- Task prompt: Below are records to repeat exactly; do not include any pictures.

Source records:
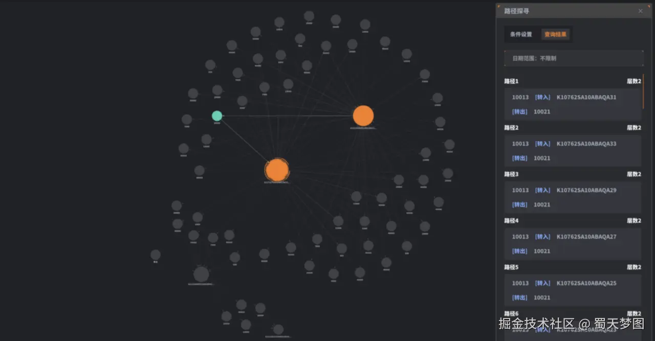 选中目标账户的转入交易所关联的2个账户,进行交易路径挖掘
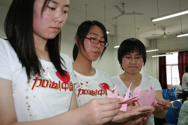 同学们先通过一部记录短片再现了地震中一幕幕触动人心的画面,在场的每一个人都无比悲痛。在庄严的默哀之后,在场的同学们用真情和泪水与大家分享了这几天自己心中隐藏的最令人感动的事迹。一首以《我们和你在一起》的诗歌朗诵道出了此时此刻每一个中国人的心声。为了表达同学们对灾区同胞的关心和帮助,同学们除了为灾区同胞们捐款,这一天还为灾区的学生和孩子们捐赠的价值一千余元的各类学习用具,希望他们可以早日重返课堂。与此同时,每一名同学还为灾区的同胞和所有前去救灾的武警官兵和志愿者们折了一只千纸鹤,写上自己心中最想说的一句话,并制作了“四川挺住,中国加油”的条幅,以寄托大家的祝福。
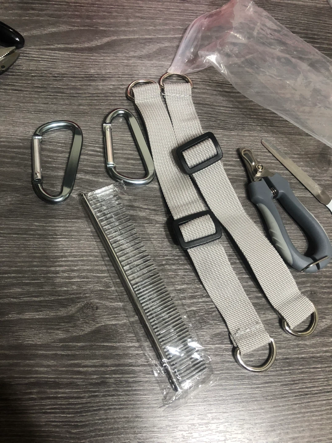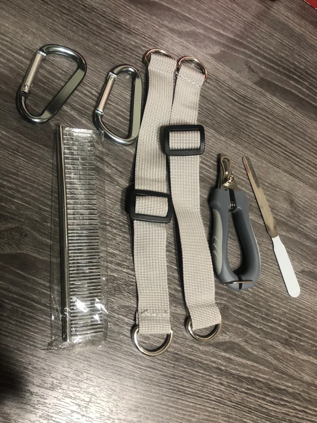 Selling a dog grooming kit with everything you need to keep your furry friend looking their best! The kit includes nail clippers, a comb, straps, and carabiners. Perfect for at-home grooming sessions!
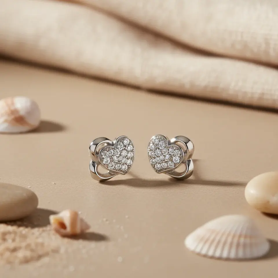 Silver Heart Trendy Stud Earrings for Women Dainty Daily Religious Jewelry with Zircon Brass Gold-Plated Tassel for Parties
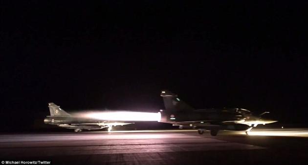 Γαλλικά μαχητικά αεροσκάφη έχουν ξεκινήσει μια σειρά από αεροπορικές επιδρομές κατα του ISIS στη Συρία καθώς η χώρα ξεκίνησε την «ανελέητη» τιμωρία της για τις τρομοκρατικές επιθέσεις στο Παρίσι, γράφει η εφημερίδα Daiy mAIL.
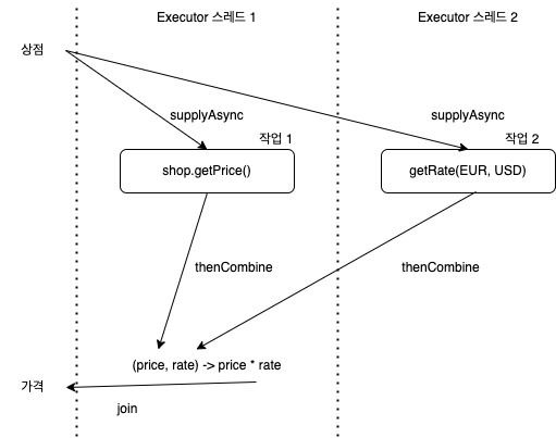 이런 상황에서는 thenCombine 메서드를 사용한다. thenCombine 메서드는 BiFunction을 두 번째 인수로 받는다.thenCombine 또 Async 버전이 존재한다. thenCombineAsync 메서드에서는 BiFunction이 정의하는 조합 동작이 스레드 풀로 제출되면서 별도의 태스크에서 비동기적으로 수행된다.
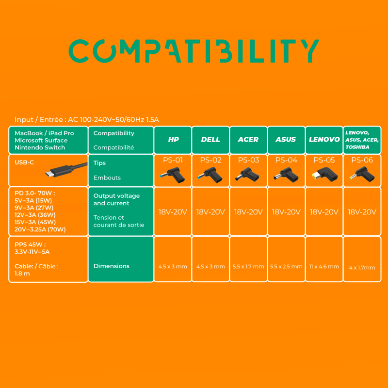 Whether you use HP, Dell, Lenovo, Microsoft Surface, MacBook, Samsung, Huawei or a Nintendo Switch, this charger adapts to your uses. It becomes the ideal ally for nomad pros, multitasking students and connected travelers.

- Result of this task:
 选中目标账户的转入交易所关联的2个账户,进行交易路径挖掘
 同学们先通过一部记录短片再现了地震中一幕幕触动人心的画面,在场的每一个人都无比悲痛。在庄严的默哀之后,在场的同学们用真情和泪水与大家分享了这几天自己心中隐藏的最令人感动的事迹。一首以《我们和你在一起》的诗歌朗诵道出了此时此刻每一个中国人的心声。为了表达同学们对灾区同胞的关心和帮助,同学们除了为灾区同胞们捐款,这一天还为灾区的学生和孩子们捐赠的价值一千余元的各类学习用具,希望他们可以早日重返课堂。与此同时,每一名同学还为灾区的同胞和所有前去救灾的武警官兵和志愿者们折了一只千纸鹤,写上自己心中最想说的一句话,并制作了“四川挺住,中国加油”的条幅,以寄托大家的祝福。
 Selling a dog grooming kit with everything you need to keep your furry friend looking their best! The kit includes nail clippers, a comb, straps, and carabiners. Perfect for at-home grooming sessions!
 Silver Heart Trendy Stud Earrings for Women Dainty Daily Religious Jewelry with Zircon Brass Gold-Plated Tassel for Parties
 Γαλλικά μαχητικά αεροσκάφη έχουν ξεκινήσει μια σειρά από αεροπορικές επιδρομές κατα του ISIS στη Συρία καθώς η χώρα ξεκίνησε την «ανελέητη» τιμωρία της για τις τρομοκρατικές επιθέσεις στο Παρίσι, γράφει η εφημερίδα Daiy mAIL.
 이런 상황에서는 thenCombine 메서드를 사용한다. thenCombine 메서드는 BiFunction을 두 번째 인수로 받는다.thenCombine 또 Async 버전이 존재한다. thenCombineAsync 메서드에서는 BiFunction이 정의하는 조합 동작이 스레드 풀로 제출되면서 별도의 태스크에서 비동기적으로 수행된다.
 Whether you use HP, Dell, Lenovo, Microsoft Surface, MacBook, Samsung, Huawei or a Nintendo Switch, this charger adapts to your uses. It becomes the ideal ally for nomad pros, multitasking students and connected travelers.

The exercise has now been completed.